The folks in the analytics hub are directly responsible for things like:
- Producing analysis, real analysis, to support business decisions
- Providing training out to the rest of the organization on tools and data
- Communicating about the goodness (or lack thereof) in the data collected
- Interfacing with the vendor(s) providing measurement software and services
- Managing multivariate tests and analyzing their results
- Working with I.T. to make changes to data collection and integration
Perhaps most importantly, the hub work directly for the executive sponsor for analytics (see STEP TWO above.) Establishing a real web analytics hub is the first thing you need to do if you want to STOP spending 80 percent of your time generating reports (something a prospect recently referred to as being a “report monkey” which they didn’t seem super-excited about …)
The folks in the individual departments and LOBs are responsible for things like:
- Paying careful attention to their key performance indicators and react to observed changes
- Spend enough time learning the available technology to answer at least basic questions when changes are observed
- Generating whatever reports are necessary on a regular basis and modifying those as required
- Interface with the analytics hub to ensure that requests for testing and analysis are clearly communicated
- Respond to test results and analysis by putting the insights generated to work for the organization
The best possible news is that the folks in the spokes don’t have to be web analytics experts! Hell, they don’t even need to read the available literature if they don’t want to (but they should.) They really only need to take enough time to learn what their KPIs are telling them and which reports in the analytics application(s) are relevant when things change.

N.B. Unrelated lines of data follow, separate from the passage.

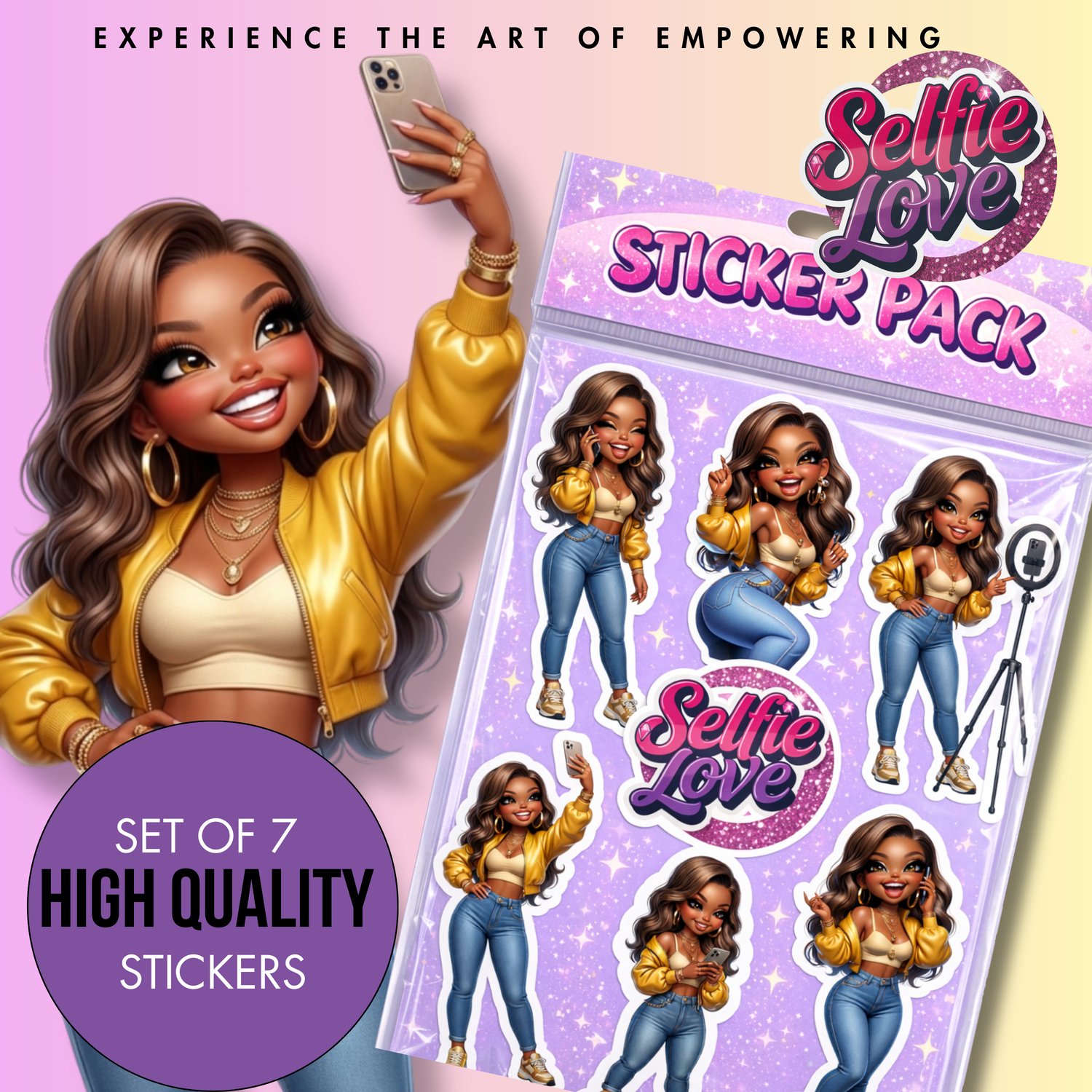 - π Features a confident, stylish girl character in multiple cute selfie poses
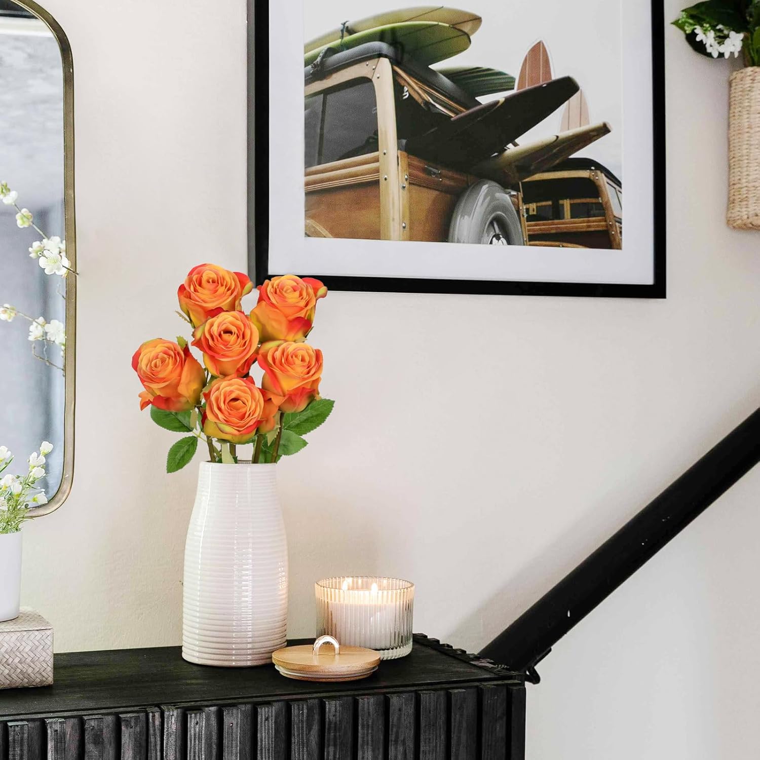 - Lifelike Appearance : Each artificial rose showcases delicately layered petals in an orange & red shade, enhanced by subtle tonal variations for a natural, elegant look. Ideal for those seeking high-quality, realistic rose bouquets to elevate home décor, weddings, or special events with a gentle touch of romance.
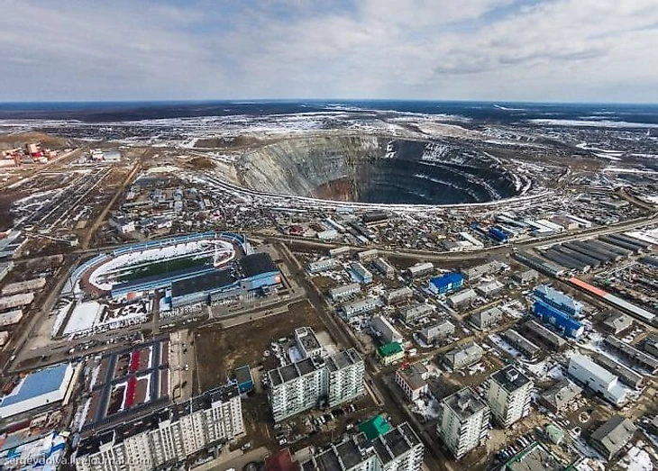 Или поле в Якутии прямо рядом с огромным алмазным карьером.
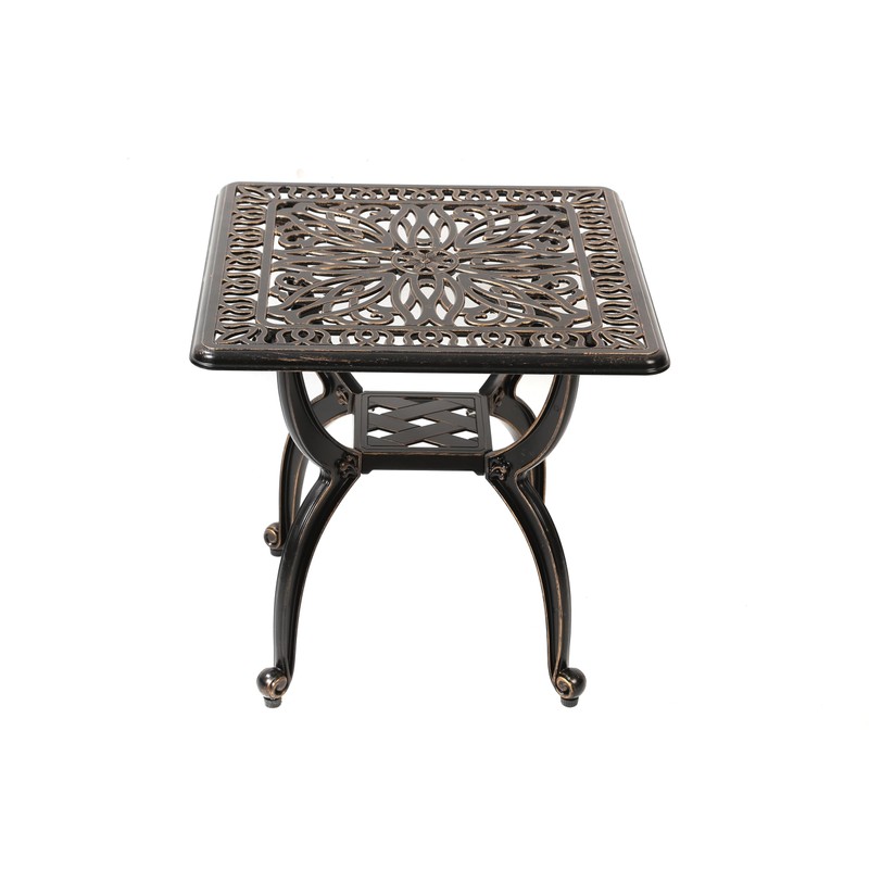 C/G Cast Aluminum Side Table,Decorative Outdoor End Table, Ornate Floral Pattern (Square, Copper)
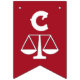 Creative law school graduation congratulations party decor featuring scales of justice on red background new grad, lawyer, attorney or honorable judge.
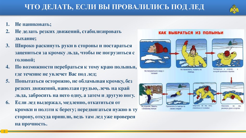 Замерзшую реку (озеро) лучше перейти на лыжах, при этом: необходимо двигаться медленно; лыжные палки держите в руках, не накидывая петли на кисти рук, чтобы в случае опасности сразу их отбросить.
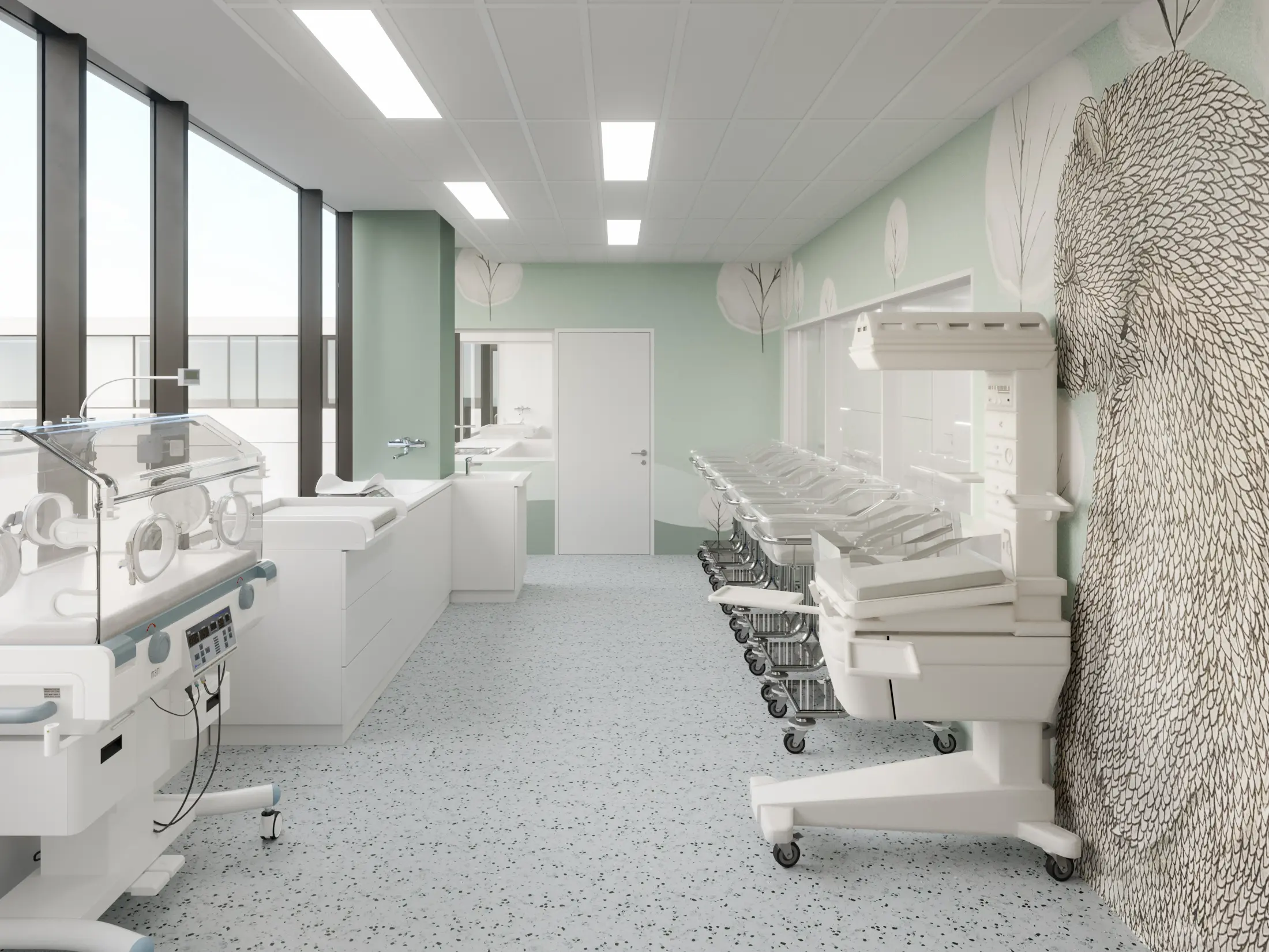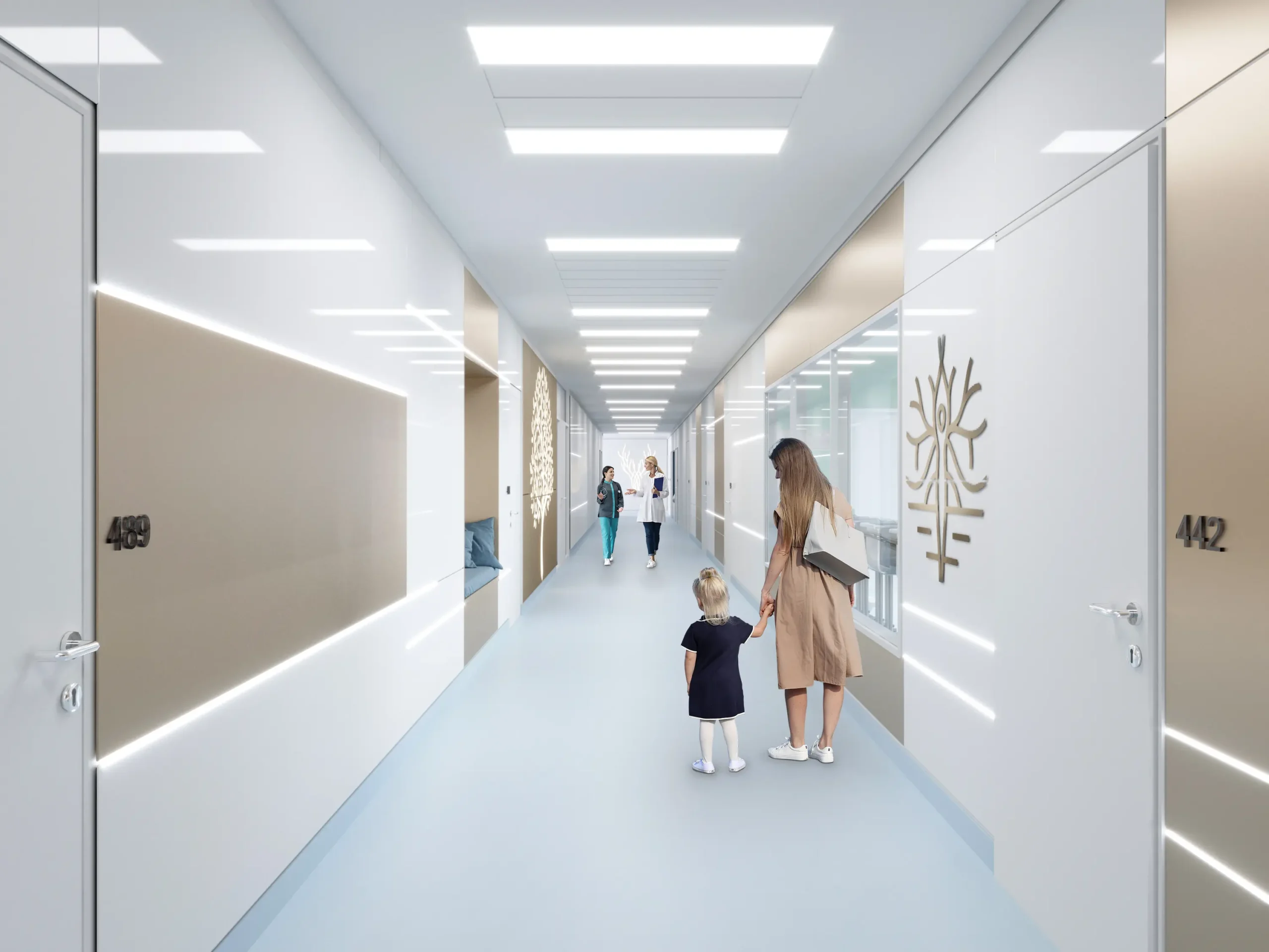 A Medicare (korábban Medicover) részére egy korábbi irodaterület átalakításával, generál tervezés keretében terveztük meg a Vision Towers 4. emeletén működő szülészetet. A tervezés során kiemelt szerepet kapott a szakágak összehangolása, melynek eredményeként az orvostechnológiai igények, a belsőépítészeti koncepció és az akusztikai megoldások harmonikus összhangban valósulhattak meg. Az új osztály funkcionális egységei közé tartozik a 15 ágyas gyermekágyas részleg, két szülőszoba, egy császárműtő kiszolgáló terekkel, csecsemőszoba és ellátó, valamint járóbeteg-ellátó és váróhelyiségek.
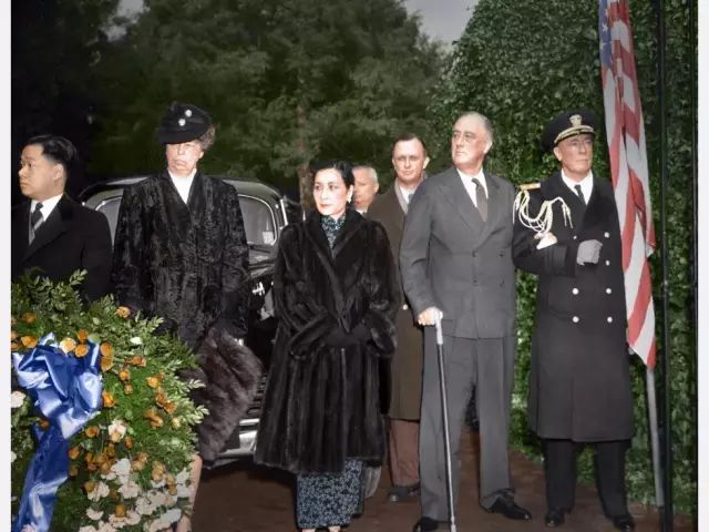 1943年2月22日,在宋美龄以罗斯福总统夫妇的私人朋友身份客居白宫期间,正值美国第一任总统乔治·华盛顿的210年诞辰,宋美龄与罗斯福总统夫妇一行拜偈了华盛顿墓。照片中从左至右分别为孔令侃、罗斯福总统夫人埃莉诺、宋美龄和罗斯福总统。
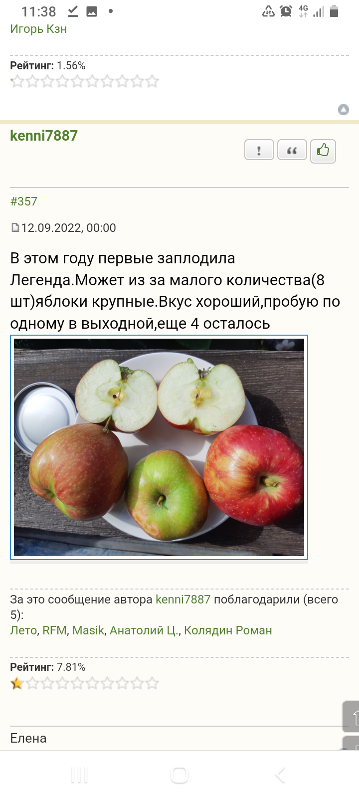 Скорее всего Анис полосатый.Җәй писал(а): ↑23.11.2022, 00:36 Салам алейкум всем! Подскажите что за сорт яблони может быть? Средний вес 120-130 г. Осеннее, мякоть белая, кисло-сладкая, немного с нежностью в ноябре. Обычно эти яблоки вкусом не отличались, но в этом году слаще стали и вполне так очень даже не плохо. Своя оценка вкусовая в этот сезон -44. Семечки короткие, как бы круглые, среднего размера. Дерево с округлой кроной.IMG_20221118_131418.jpg
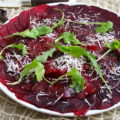 Buraki myjemy, nacieramy oliwą z oliwek, pieprzem i solą. Każdego buraka owijamy w osobną folię aluminiową i wkładamy je do piekarnika nagrzanego do 200°. Ciężko określić czas pieczenia, ponieważ zależy on od wielkości naszych buraków. Pieczemy je do momentu kiedy będą miękkie (jeśli bez problemu wbijemy w nie wykałaczkę). Upieczone buraki obieramy ze skórki (najlepiej jak są jeszcze ciepłe) i kiedy ostygną tniemy je na bardzo cienkie plasterki. Ja używam do tego mandoliny.

Thinking about the relationship between the hub and spokes:
- The hub does analysis, and the spokes do reporting
- The hub executes multivariate tests, but the spokes recommend them
- The hub work directly with I.T., the spokes get to continue avoiding I.T.
- The hub helps to plan, manage, and monitor KPIs, the spokes live and die by them
- The hub runs something like Omniture Discover or IndexTools Rubix, the spokes use SiteCatalyst or Google Analytics
This is great news because there are many, many people out there that have a 0.2, a 0.33, or a 0.5 FTE for web analytics — not nearly enough time to really get deep into web analytics but enough to create the expectation that they’ll use the data to make business decisions. The hub and spoke model creates a business process to support partial FTE in their endeavor to use and benefit from web analytics, which those partial FTE seem to truly, truly appreciate!
In my experience, over time the people who really like this kind of work will pop up and ask great questions, looking to push the boundaries of their understanding of “our little craft.” They’ll read books, blogs, go to conferences, etc. and over time may realize that they really want to work in the field of web analytics full time. Which is great, because without those people flowing into the system, the multitude of recruiters and companies across the globe looking for experience web analytics professionals haven’t got a prayer.
Since Judah, Daniel, and I have been talking about the length of out posts lately I think I’ll stop here and publish Part II of this post later this week.
The key takeaways from the thoughts here are:
- You have to have a web analytics communication strategy
- You have to clearly define your business objectives and supporting activities
- You need to define and establish an analytics organization
- Your analytics organization needs to report to an appropriately senior person
- The hub and spoke model for web analytics has many advantages, especially in large organizations
- Web analytics done well has a tendency to make people more, not less, interested in web analytics (which is good!)